Here, it's about 1.8 msec if the empty C-coded function is
passed as the argument, about 2.8 if the Python one is --
so, the global name lookup overhead was about 0.4 msec in
each case (and the rest of the empty-loop overhead another
0.7 msec or so, leaving about 0.7 vs 1.7 for C vs Python
coded function's _sheer_ call overhead from Python).

If microseconds (small fractions thereof on more modern
machines, actually) are so crucial, then, yes, you can
shave some further tiny fractions this way.
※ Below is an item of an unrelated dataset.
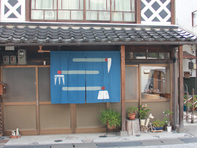 The design for this family's noren comes from the place where their company makes handles for hoes and spades. They also make metal handles for hammers and saws, drumsticks and so on. This is their second noren, featuring the same design as the first but in different colors. In the window next to their noren, they have a seasonal display for visitors to enjoy. The Nishiyama family, who moved to Katsuyama fore years ago, believe that "Katsuyama is a warm town where you can feel a spirit of mutual dialog and cooperation."
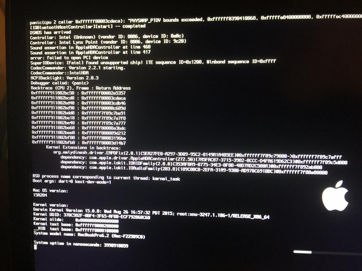 Hey Jake, I have a question for you, its about Yosemite not El Captian Few days ago you give me a new config.pst and a dsdt for my E7440, to fix some minor issue I had, since that, sometimes (random) during the bootstrap of my laptop I receive a new error regarding the Audio kext ( I guess) any suggestion how to fix? should I continue updating my Yosemite to elCaptin even with this error ? thanks a lot

> AM> If the function/method is called from a few places, you might
> AM> manually inline in there, maybe.
>
> Not sure I understand what you mean exactly. Are you suggesting that I
> call an extension function wherever I would previously have called and
> instance method ?

Yes.

> How do I get at the members of a class in C if that class was defined
> in python ?

By passing the reference to the instance to the function, and
receiving it on the C side as a PyObject* -- you can then call
methods and access attributes on it from C, just as you could
from Python.  See the "O" format code in the documentation of
PyArg_ParseTuple (1.7 in the "Extending and Embedding" manual).


> JE> In fast_a and fast_b, you can get arguments by using the ParseTuple
string
> JE> "(Oii)" and then use PyObject_SetAttrString and PyObject_GetAttrString
> JE> to store or retrieve attributes (including, if necessary, instance
> JE> methods) from the instance by their name.
>
> Is there an organized reference where I can find the specifications of
> all these functions ?  All I have come across shows example code, but
> no full descriptions of what can/must be done.

It's somewhat disorganized.  I think Beazley's "Python Essential
Reference" (New Riders) is your best bet among current books (but
it only covers Python 1.5.2).


> Maybe some kind soul could show me what the correct code for a minimal
> extension type is ?
>
> For example, I tried to write an extension type equivalent to
>
> class foo:
>     def __init__ ( self, a ):
> self.a = a
>     def show ( self ):
> print a
>
> My various attempts, almost work, but there is always something not
> quite right.

Getting equivalence to this is not going to be easy -- the
type/class separation hits hard, and calling Python's "print"
statement from C is not quite trivial either.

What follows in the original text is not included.